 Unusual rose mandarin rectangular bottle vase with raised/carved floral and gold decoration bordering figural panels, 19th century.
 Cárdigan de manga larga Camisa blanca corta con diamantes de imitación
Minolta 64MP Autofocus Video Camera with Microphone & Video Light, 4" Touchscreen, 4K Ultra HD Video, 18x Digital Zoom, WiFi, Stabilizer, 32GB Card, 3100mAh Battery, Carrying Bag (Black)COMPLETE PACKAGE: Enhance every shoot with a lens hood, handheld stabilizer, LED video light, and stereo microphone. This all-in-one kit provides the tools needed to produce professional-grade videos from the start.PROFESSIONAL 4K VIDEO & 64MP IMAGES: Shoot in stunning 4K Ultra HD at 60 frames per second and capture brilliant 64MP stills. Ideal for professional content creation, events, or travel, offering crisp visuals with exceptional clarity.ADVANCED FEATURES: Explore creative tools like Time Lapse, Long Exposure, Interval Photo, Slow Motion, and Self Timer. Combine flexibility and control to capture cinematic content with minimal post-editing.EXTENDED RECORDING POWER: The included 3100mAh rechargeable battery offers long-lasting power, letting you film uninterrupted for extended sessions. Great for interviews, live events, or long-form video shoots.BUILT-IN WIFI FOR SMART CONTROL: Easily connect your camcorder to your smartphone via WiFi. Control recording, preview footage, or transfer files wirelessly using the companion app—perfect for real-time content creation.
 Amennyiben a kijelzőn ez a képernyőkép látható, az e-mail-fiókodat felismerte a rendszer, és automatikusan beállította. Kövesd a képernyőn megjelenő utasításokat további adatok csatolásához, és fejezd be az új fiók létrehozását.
...
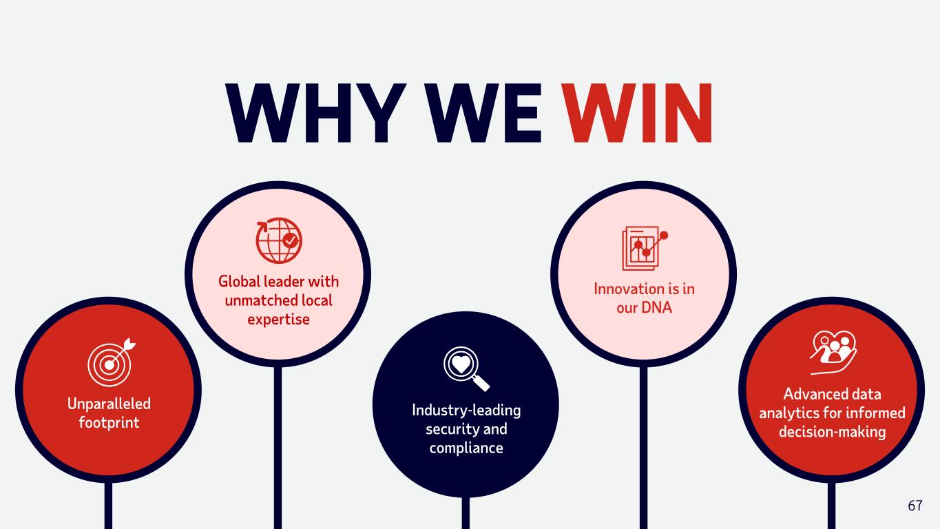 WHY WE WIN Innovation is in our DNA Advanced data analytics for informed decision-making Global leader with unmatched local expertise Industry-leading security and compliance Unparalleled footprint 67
--
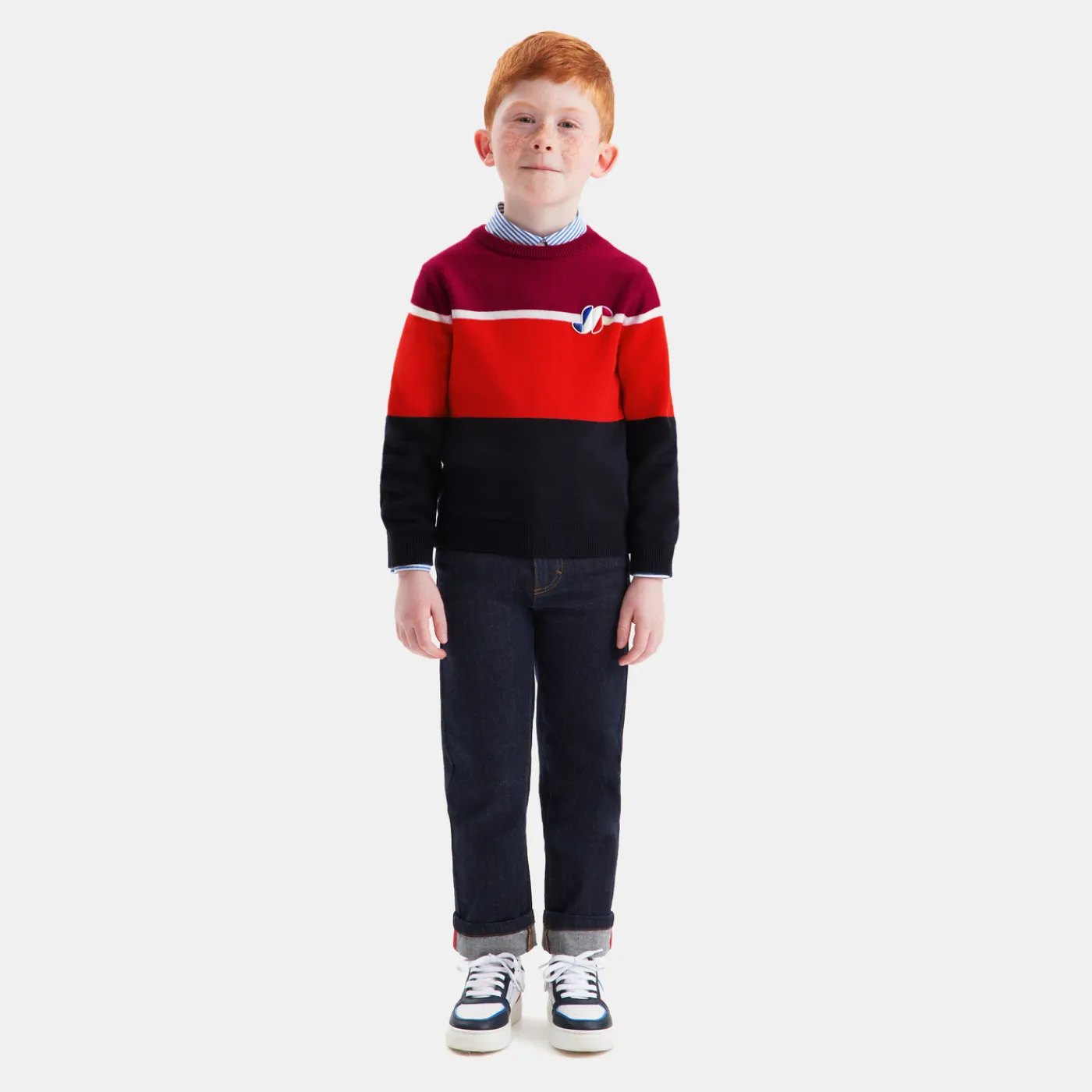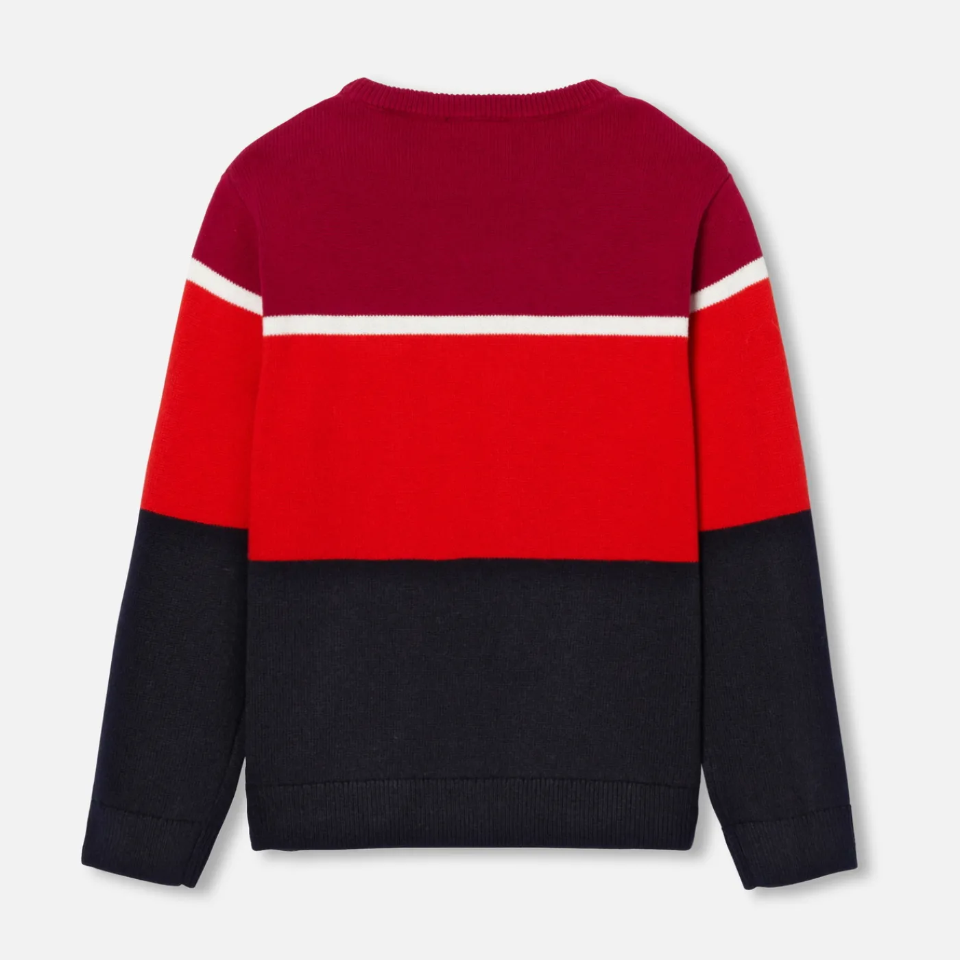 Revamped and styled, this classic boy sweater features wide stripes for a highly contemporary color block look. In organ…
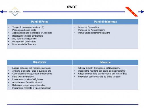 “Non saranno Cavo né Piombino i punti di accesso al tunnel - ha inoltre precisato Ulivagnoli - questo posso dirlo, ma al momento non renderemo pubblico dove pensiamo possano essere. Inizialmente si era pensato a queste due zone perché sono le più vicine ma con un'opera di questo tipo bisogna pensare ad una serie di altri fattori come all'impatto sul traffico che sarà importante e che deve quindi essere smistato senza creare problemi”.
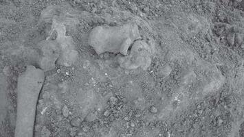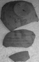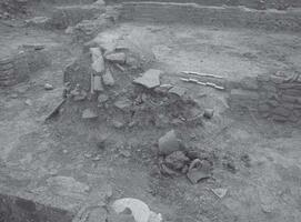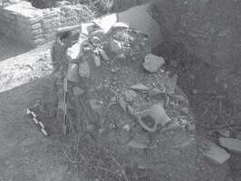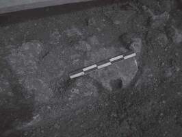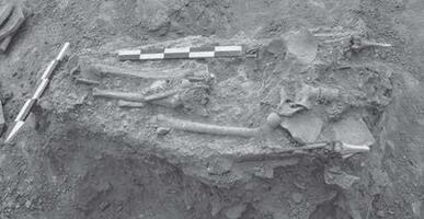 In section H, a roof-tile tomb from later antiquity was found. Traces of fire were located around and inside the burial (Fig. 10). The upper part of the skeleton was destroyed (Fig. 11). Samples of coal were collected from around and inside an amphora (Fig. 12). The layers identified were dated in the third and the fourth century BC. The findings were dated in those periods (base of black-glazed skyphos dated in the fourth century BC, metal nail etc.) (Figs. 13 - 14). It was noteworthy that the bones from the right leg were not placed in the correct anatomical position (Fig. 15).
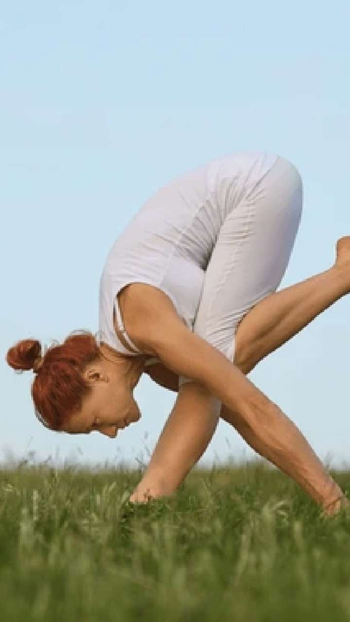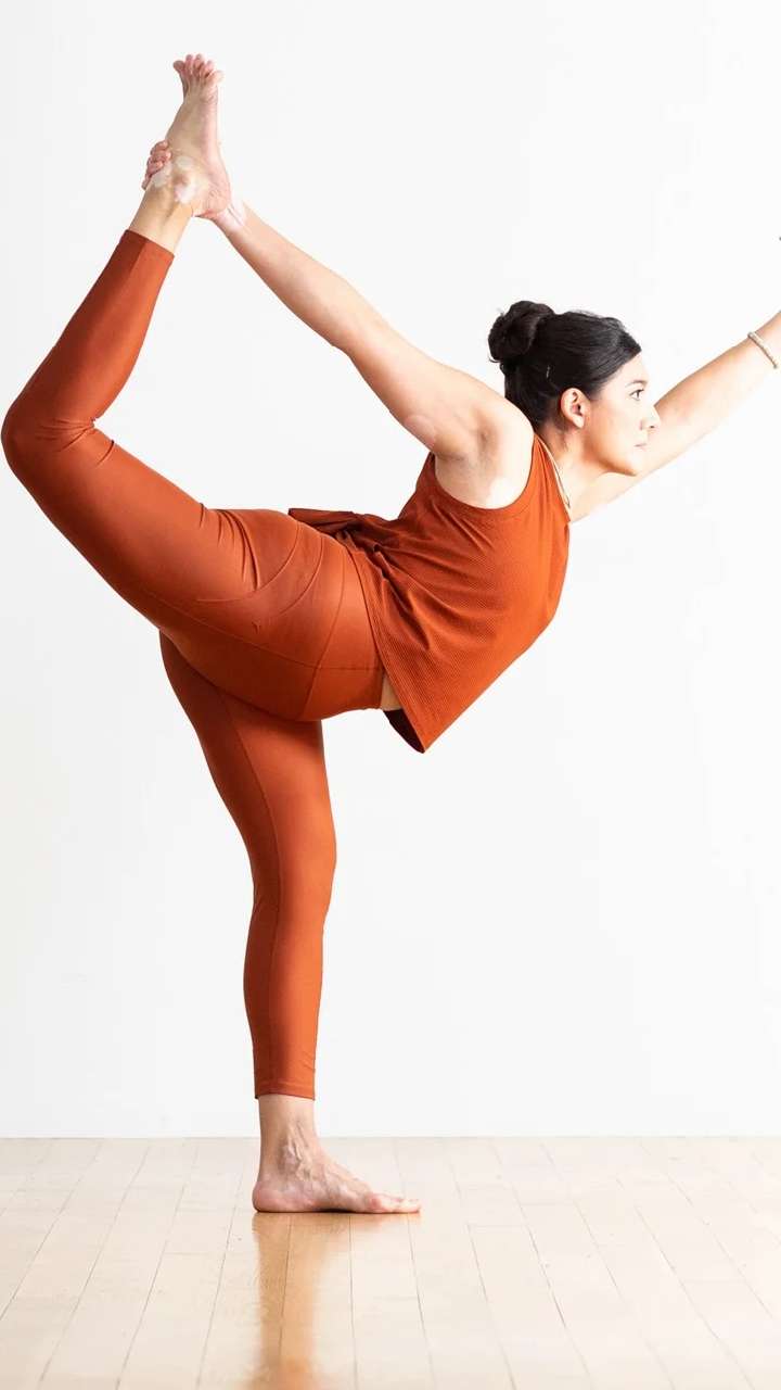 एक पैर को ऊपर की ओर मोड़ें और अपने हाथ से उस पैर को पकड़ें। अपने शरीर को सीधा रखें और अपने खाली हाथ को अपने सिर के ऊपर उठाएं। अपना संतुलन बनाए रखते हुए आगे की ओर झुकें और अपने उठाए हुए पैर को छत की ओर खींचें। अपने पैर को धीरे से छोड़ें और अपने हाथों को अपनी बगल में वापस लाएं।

Work task: Please, from the entries above, set down exactly the lines from the one containing "Unusual rose mandarin" through the one containing "Cárdigan de manga", and only those.

The completed task:
 Unusual rose mandarin rectangular bottle vase with raised/carved floral and gold decoration bordering figural panels, 19th century.
 Cárdigan de manga larga Camisa blanca corta con diamantes de imitación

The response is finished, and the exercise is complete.